Caroline feels the blood rush to her ears. “Right,” she says, surprised to find her throat has constricted. “I didn't realize it was such a touchy subject.”

“It is not a ‘touchy subject.' ” He flashes his lights again, three times fast now, and the van that has been lurching along in front of them pulls over.
BILLERICA SENIOR CENTER
is printed on the side of it in navy lettering. Above this, a series of pale faces stare back through the glass squares of their windows at her like a sort of woeful, reproving chorus.

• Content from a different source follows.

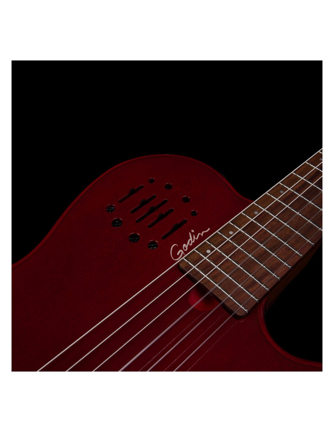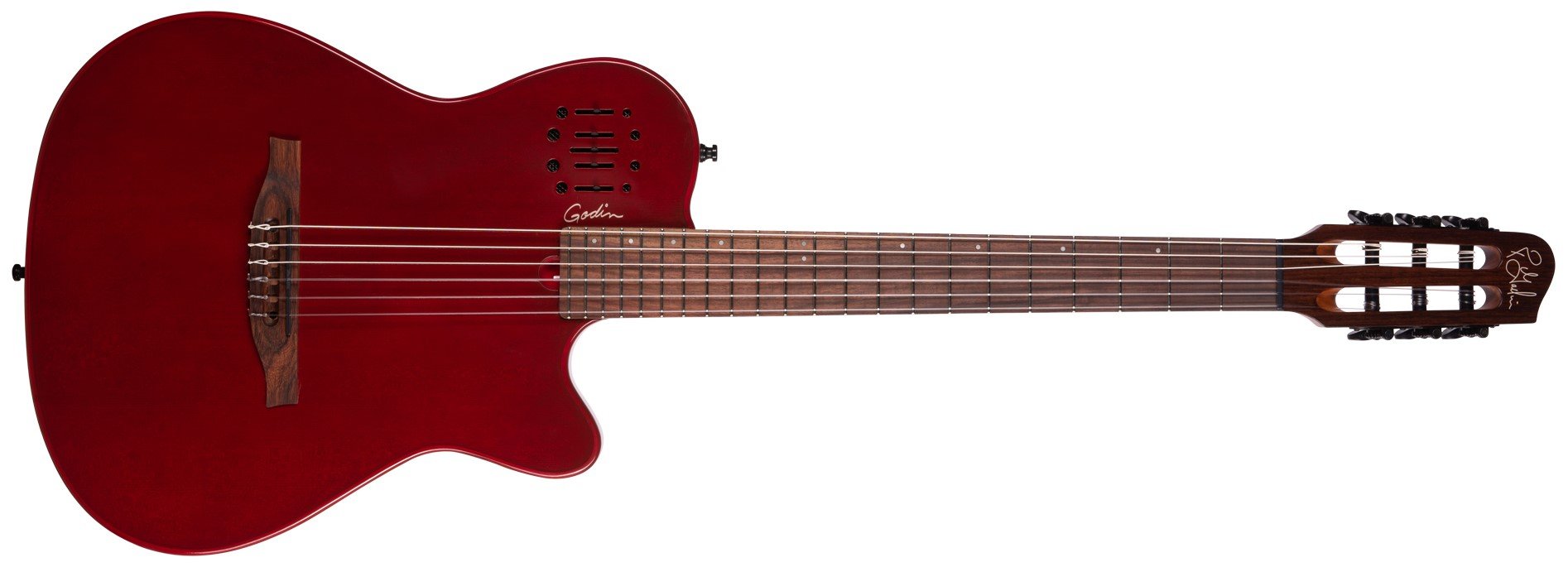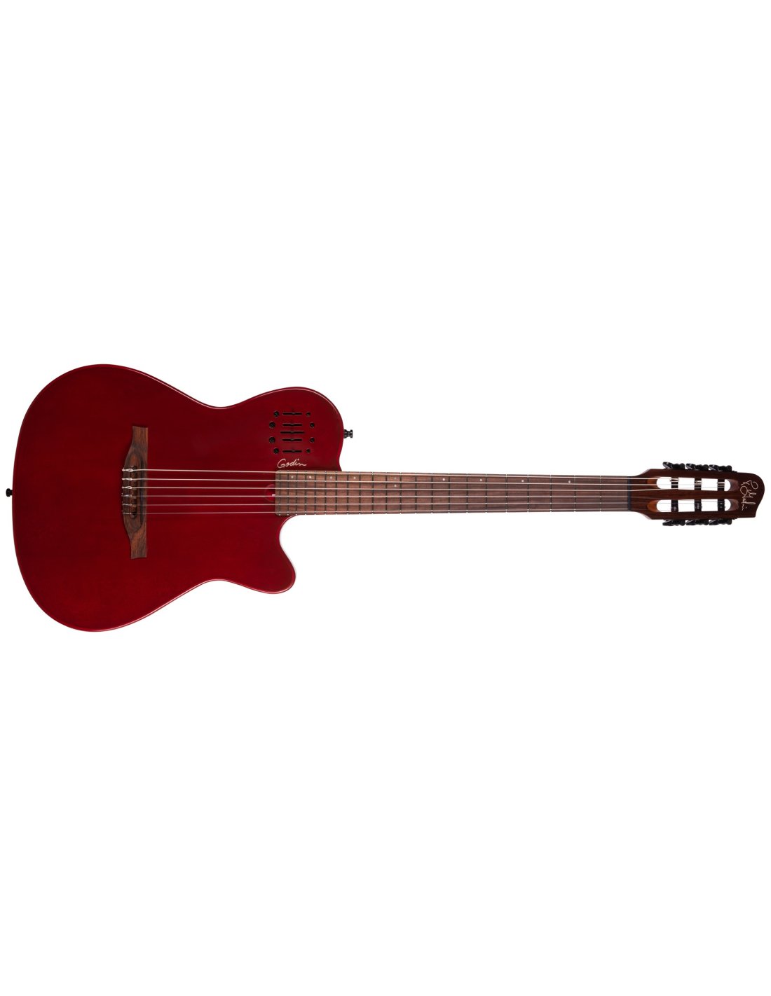 Elektrifizierte klassische Gitarre Godin Multiac Mundial in der Farbe ATZEK RED mit Tasche. Die Godin Multiac Mundial ist eine elektrifizierte klassische Gitarre mit 6 Saiten. Zu den technischen Merkmalen gehören ein Korpus aus Silver Leaf Ahorn und eine massive Zederndecke, ein Hals aus spanischer Zeder, ein Griffbrett aus Palisander mit 22 mittleren Jumbo-Bünden, Custom Godin Dual Source System Tonabnehmer, 2 Körpersensoren, ein Sattelbrücke und hochwertige Mechaniken.

As Jack accelerates past it, the driver glares out his window at Caroline.

“I could,” her father says after a while, clearing his throat, “take Eliot down with me next week.”

“To New York?” Caroline says.

He nods, stiff-jawed, and flicks on the blinker to turn onto Main Street.

“Okay.” She shrugs and looks back out the window. There is an Indian tour group climbing off a bus, blinking their eyes in the slanted evening sunlight.

“If you wanted, you could come, too,” he says without looking at her. “I could get the three of us tickets to something before Eliot goes to your mother's.”

Caroline turns to see if he is joking. But he looks absolutely serious, if uncomfortable. Her father, it occurs to her as almost wondrous, is trying to make some sort of amends for being such an asshole. “That's nice of you,” she says, almost to see if he will retract it. Niceness is not a quality that he has respect for.